Apa Yang Tak Dipakai Akan Hilang

0
2,045 views

ADA ungkapan entah darimana ia berasal: Apa yang dimiliki, namun tak pernah dipakai, ia akan lambat laun menghilang. Contohnya? Hati.

Hati adalah pusat kehidupan. Hati adalah pusat kemanusiaan. Hati yang bertumbuh membuat seseorang tumbuh menjadi pribadi yang semakin manusiawi.  Hati yang kerdil dan tumpul, membuat seseorang kehilangan kemanusiaannya.

Hati tak tumbuh dengan sendirinya. Hati tak tumbuh ketika orang bertambah tua dan banyak pengalaman. Hati tidak dengan sendirinya tumbuh seturut tingginya tingkat pendidikan seseorang. Pun hati tak tumbuh seturut jabatan yang semakin tinggi ataupun kuasa yang makin besar.

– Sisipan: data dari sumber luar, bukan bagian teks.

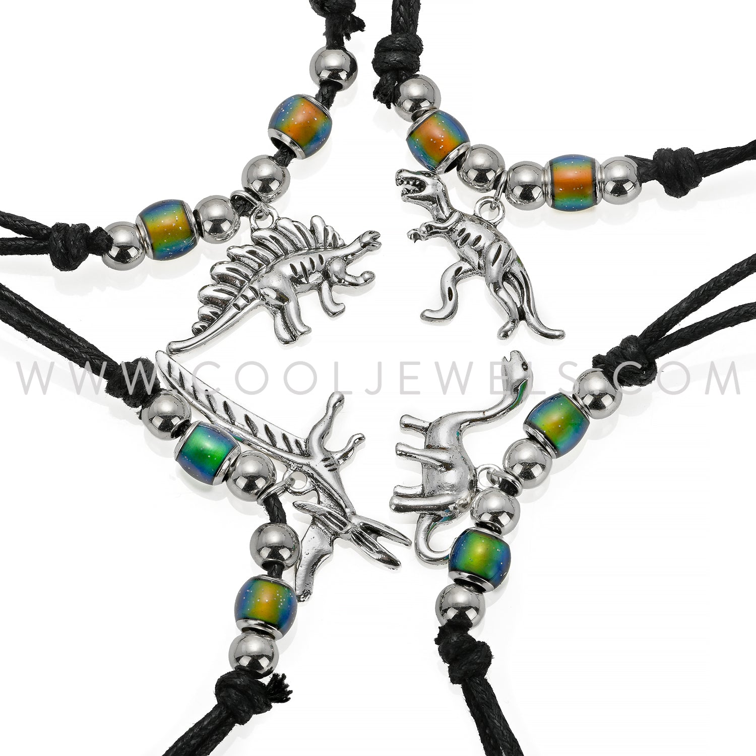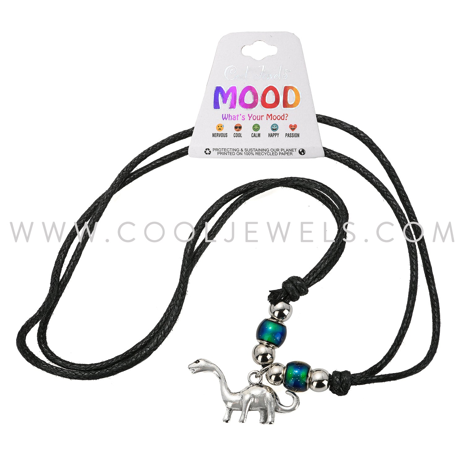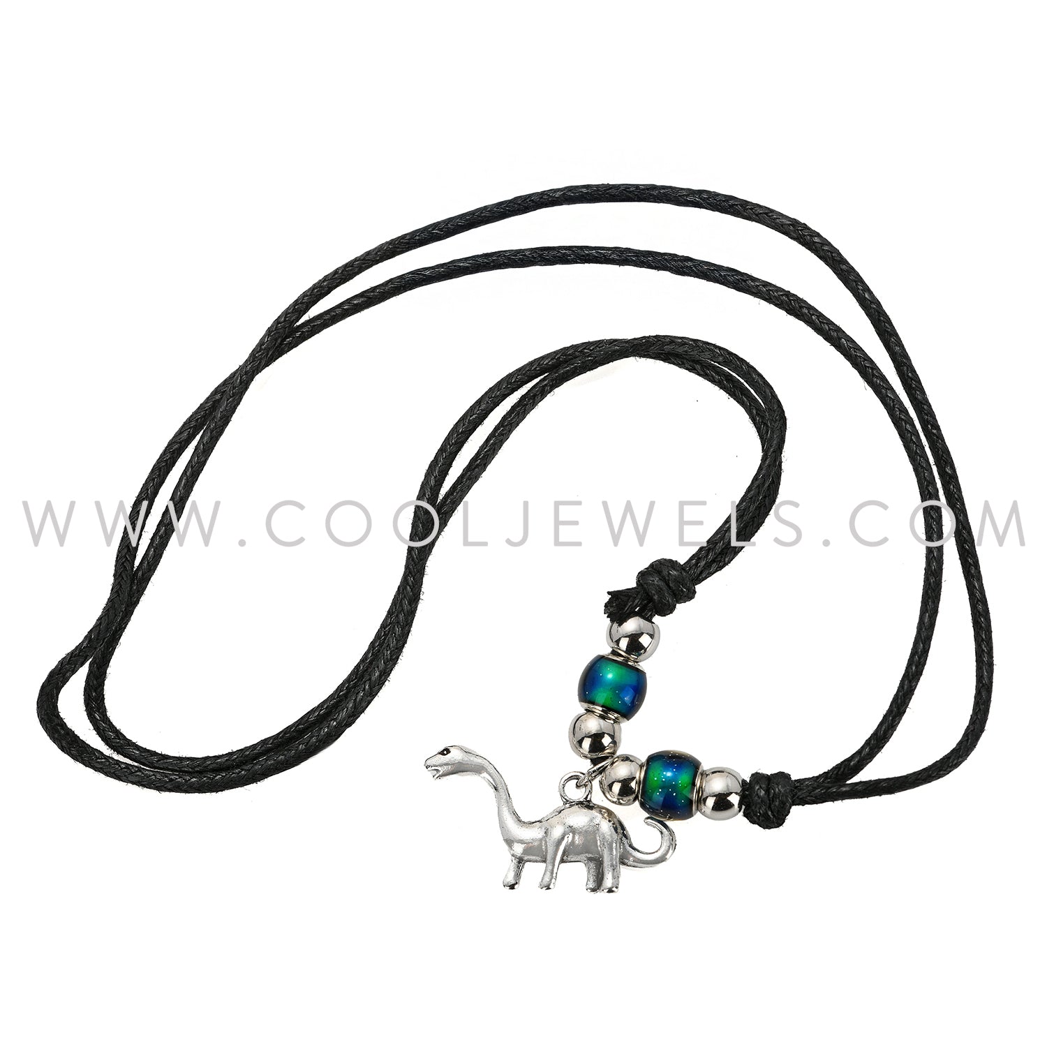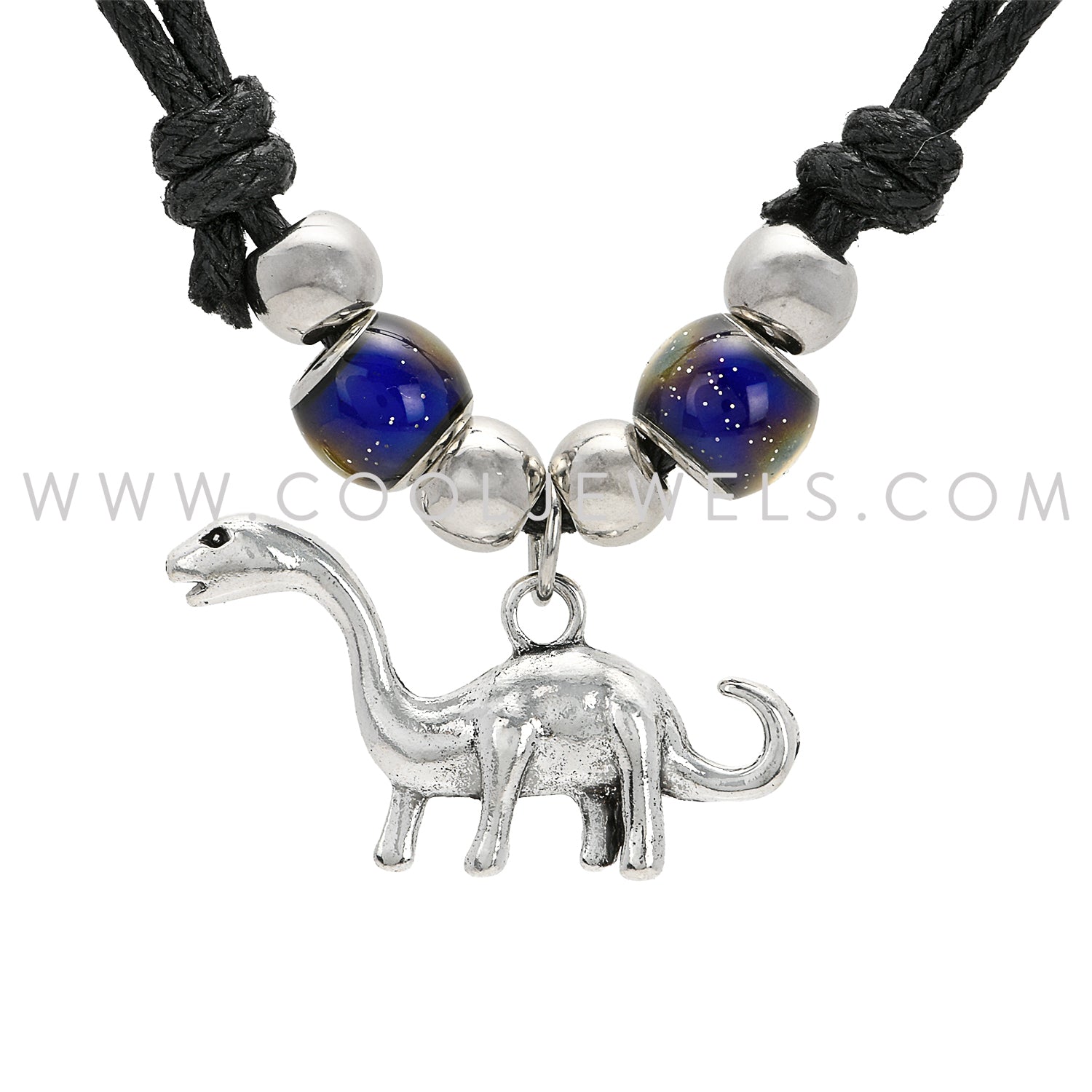 This Assorted Pewter Dinosaur Pendant comes on a 28" black slider cord with MOOD beads and silver beads on each side.

Ada majikan yang doyan memukuli pembantunya. Bukan karena tingkat pendidikannya tak tinggi. Namun karena hatinya kerdil.

Ada hakim hebat yang memutus perkara secara tak adil yang menindas orang kecil. Bukan karena tak punya pengalaman profesional namun karena hatinya gersang.

Ada guru yang mencabuli muridnya. Bukan karena ia tak tahu yang baik dan yang buruk, namun karena hatinya yang mati.

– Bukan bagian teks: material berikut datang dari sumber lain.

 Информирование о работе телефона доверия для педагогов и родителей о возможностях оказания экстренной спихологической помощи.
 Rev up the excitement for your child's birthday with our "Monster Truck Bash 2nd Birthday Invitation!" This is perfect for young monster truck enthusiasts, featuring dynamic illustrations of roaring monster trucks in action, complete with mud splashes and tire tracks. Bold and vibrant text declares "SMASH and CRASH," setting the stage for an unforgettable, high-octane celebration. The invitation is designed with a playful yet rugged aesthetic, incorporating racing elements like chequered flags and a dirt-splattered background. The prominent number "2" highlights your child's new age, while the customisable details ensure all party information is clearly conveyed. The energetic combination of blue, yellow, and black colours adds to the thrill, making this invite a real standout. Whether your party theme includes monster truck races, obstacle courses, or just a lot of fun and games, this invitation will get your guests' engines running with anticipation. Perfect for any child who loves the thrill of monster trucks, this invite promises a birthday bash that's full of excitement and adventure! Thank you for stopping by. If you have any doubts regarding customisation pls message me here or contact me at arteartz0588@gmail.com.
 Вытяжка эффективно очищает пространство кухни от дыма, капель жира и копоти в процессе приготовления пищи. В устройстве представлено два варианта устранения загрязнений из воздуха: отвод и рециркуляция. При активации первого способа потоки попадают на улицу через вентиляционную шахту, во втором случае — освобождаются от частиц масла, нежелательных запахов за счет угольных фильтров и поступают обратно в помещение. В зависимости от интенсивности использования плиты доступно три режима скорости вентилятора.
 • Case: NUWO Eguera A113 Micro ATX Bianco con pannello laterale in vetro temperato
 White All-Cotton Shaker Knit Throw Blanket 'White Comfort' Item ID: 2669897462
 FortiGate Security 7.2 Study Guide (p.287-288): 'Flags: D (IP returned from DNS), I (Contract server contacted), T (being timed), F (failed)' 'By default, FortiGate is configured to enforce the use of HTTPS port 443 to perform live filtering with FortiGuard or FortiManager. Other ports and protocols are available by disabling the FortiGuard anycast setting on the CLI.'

Hati tumbuh lewat latihan. Ia tumbuh lewat perjumpaan dan persentuhan dengan orang lain.  Pun segala sesuatu yang kita miliki namun tak kita pergunakan akan lama kelamaan menghilang tanpa latihan untuk menumbuhkannya, tanpa latihan untuk menggunakannya.

Suatu keluarga mungkin pernah dibangun atas dasar cinta. Cinta tak akan tumbuh dengan sendirinya ketika masing-masing hidup dalam kesibukannya. Jangan-jangan cinta itu lama kelamaan mati dengan sendirinya karena anggota keluarga tak pernah saling bertemu dan saling berbagi.

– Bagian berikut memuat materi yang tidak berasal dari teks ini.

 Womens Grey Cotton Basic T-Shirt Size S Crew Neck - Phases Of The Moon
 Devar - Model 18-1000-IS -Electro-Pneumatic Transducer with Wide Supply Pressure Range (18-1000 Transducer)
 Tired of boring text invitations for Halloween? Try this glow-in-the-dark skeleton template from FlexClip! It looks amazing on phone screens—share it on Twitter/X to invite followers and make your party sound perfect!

Ada bahaya justru ketika tehnologi komunikasi beserta peralatan komunikasi kian maju, orang melupakan perjumpaan fisik dan sentuhan langsung. Orang berpuas diri dengan pesan di BlackBerry atau di Facebook ataupun Twitter lupa untuk bertemu dan bercakap-cakap langsung. Bahayanya adalah tumpulnya kemampuan berkomunikasi, indera untuk mendengarkan orang lain, indera untuk membaca hati orang lain, indera untuk mengungkapkan rasa perasaan dan berbagi.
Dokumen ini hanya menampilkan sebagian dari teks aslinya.